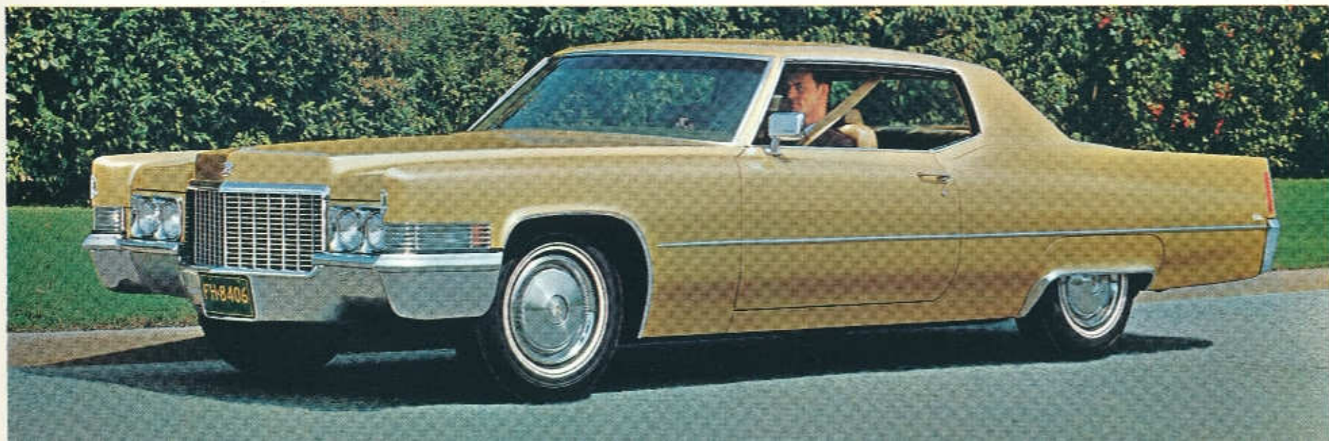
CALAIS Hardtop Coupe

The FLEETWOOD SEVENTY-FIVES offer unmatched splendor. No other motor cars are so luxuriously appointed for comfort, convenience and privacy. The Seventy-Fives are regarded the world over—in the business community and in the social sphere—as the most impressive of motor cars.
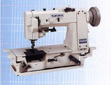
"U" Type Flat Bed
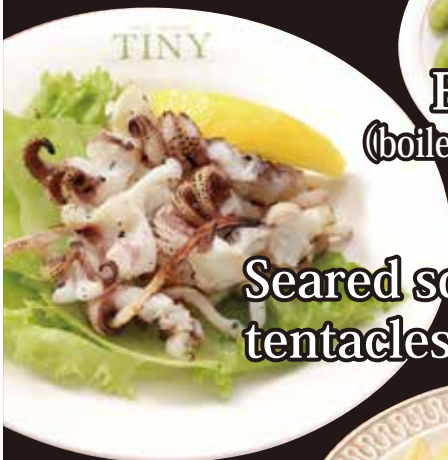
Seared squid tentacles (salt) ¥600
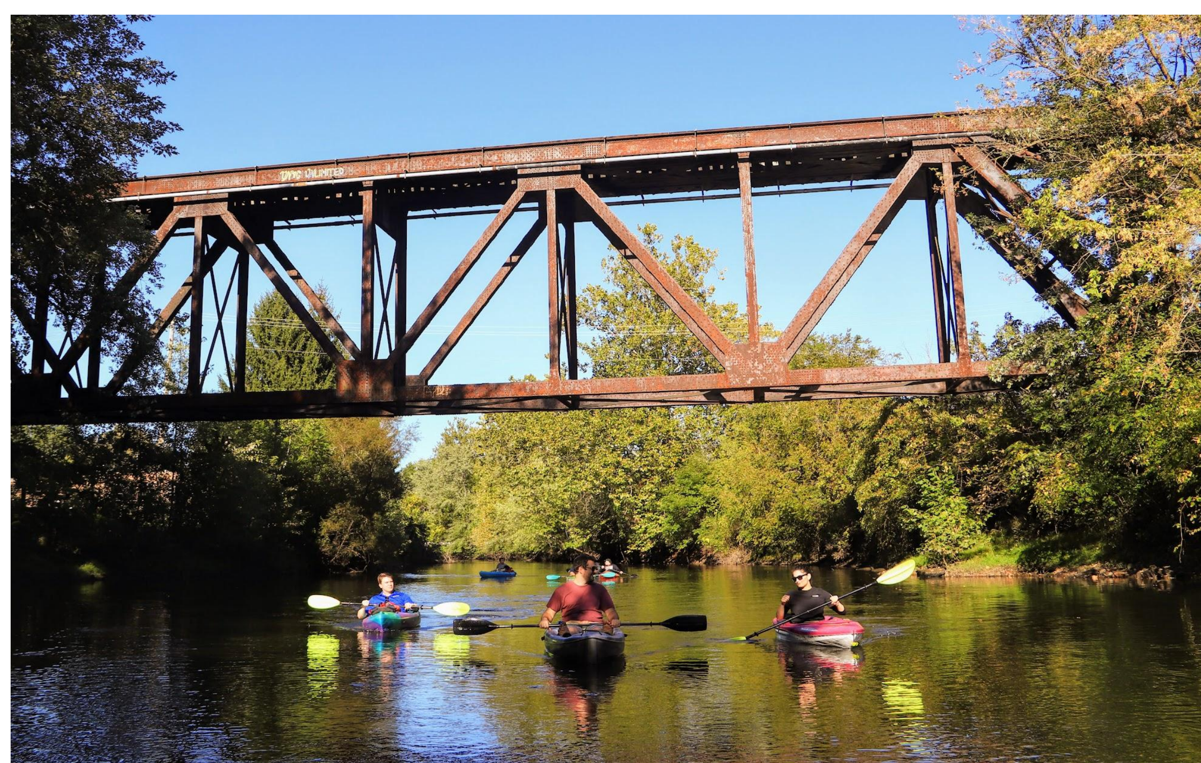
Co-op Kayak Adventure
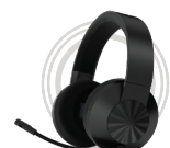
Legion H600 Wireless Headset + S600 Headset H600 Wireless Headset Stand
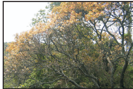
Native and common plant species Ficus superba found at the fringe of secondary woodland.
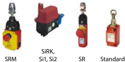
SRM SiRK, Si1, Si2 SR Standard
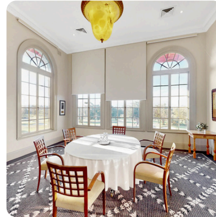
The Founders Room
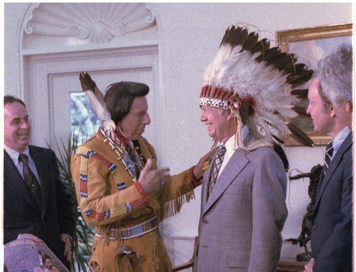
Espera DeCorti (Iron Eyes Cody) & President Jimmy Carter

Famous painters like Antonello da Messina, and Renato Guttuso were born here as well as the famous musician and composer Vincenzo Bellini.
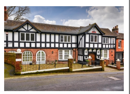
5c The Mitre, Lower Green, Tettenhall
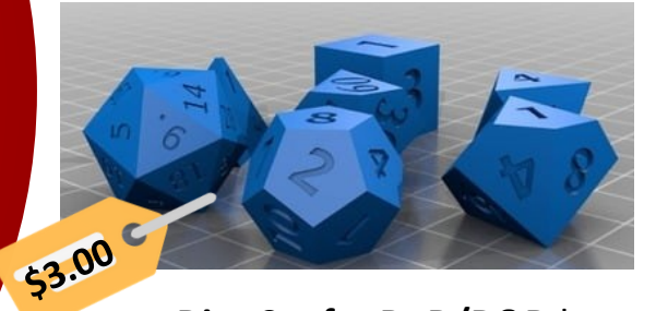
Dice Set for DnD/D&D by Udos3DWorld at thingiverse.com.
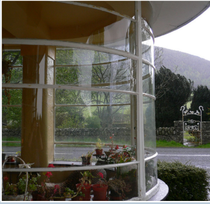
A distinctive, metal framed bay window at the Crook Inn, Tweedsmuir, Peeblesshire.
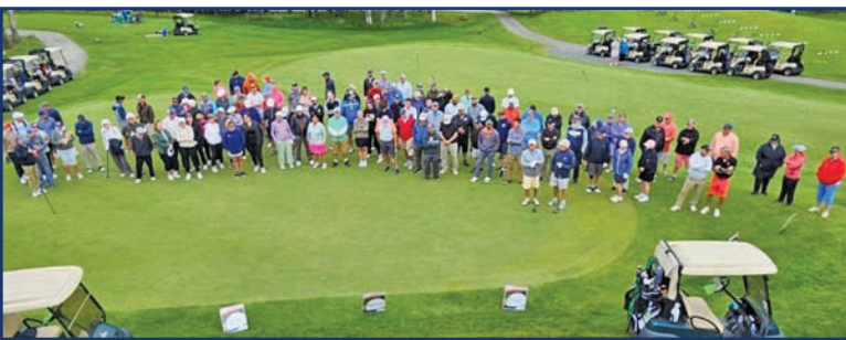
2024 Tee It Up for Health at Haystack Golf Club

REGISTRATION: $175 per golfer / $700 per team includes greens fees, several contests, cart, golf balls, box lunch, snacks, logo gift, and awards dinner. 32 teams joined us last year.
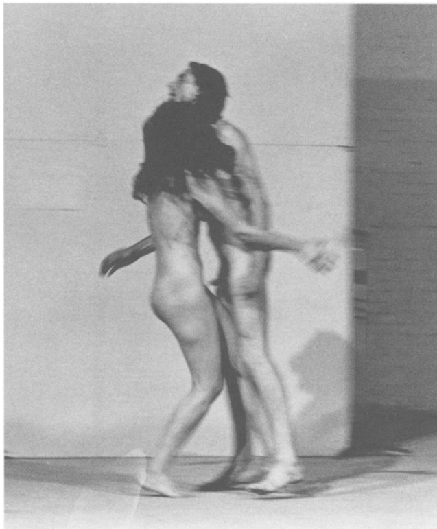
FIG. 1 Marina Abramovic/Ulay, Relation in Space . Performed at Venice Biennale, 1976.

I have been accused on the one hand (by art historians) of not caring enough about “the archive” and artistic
☆ ☆ ☆ ☆
* _DIRECTIONS FOR THIS TASK_
Exercise for the records above: copy only the lines from the one with "Type Flat Bed" to the one with "5c The Mitre, Lower Green, Tettenhall", both ends kept, and drop the pictures.

* _YOUR SOLUTION_
"U" Type Flat Bed
Seared squid tentacles (salt) ¥600
Co-op Kayak Adventure
Legion H600 Wireless Headset + S600 Headset H600 Wireless Headset Stand
Native and common plant species Ficus superba found at the fringe of secondary woodland.
SRM SiRK, Si1, Si2 SR Standard
The Founders Room
Espera DeCorti (Iron Eyes Cody) & President Jimmy Carter

Famous painters like Antonello da Messina, and Renato Guttuso were born here as well as the famous musician and composer Vincenzo Bellini.
5c The Mitre, Lower Green, Tettenhall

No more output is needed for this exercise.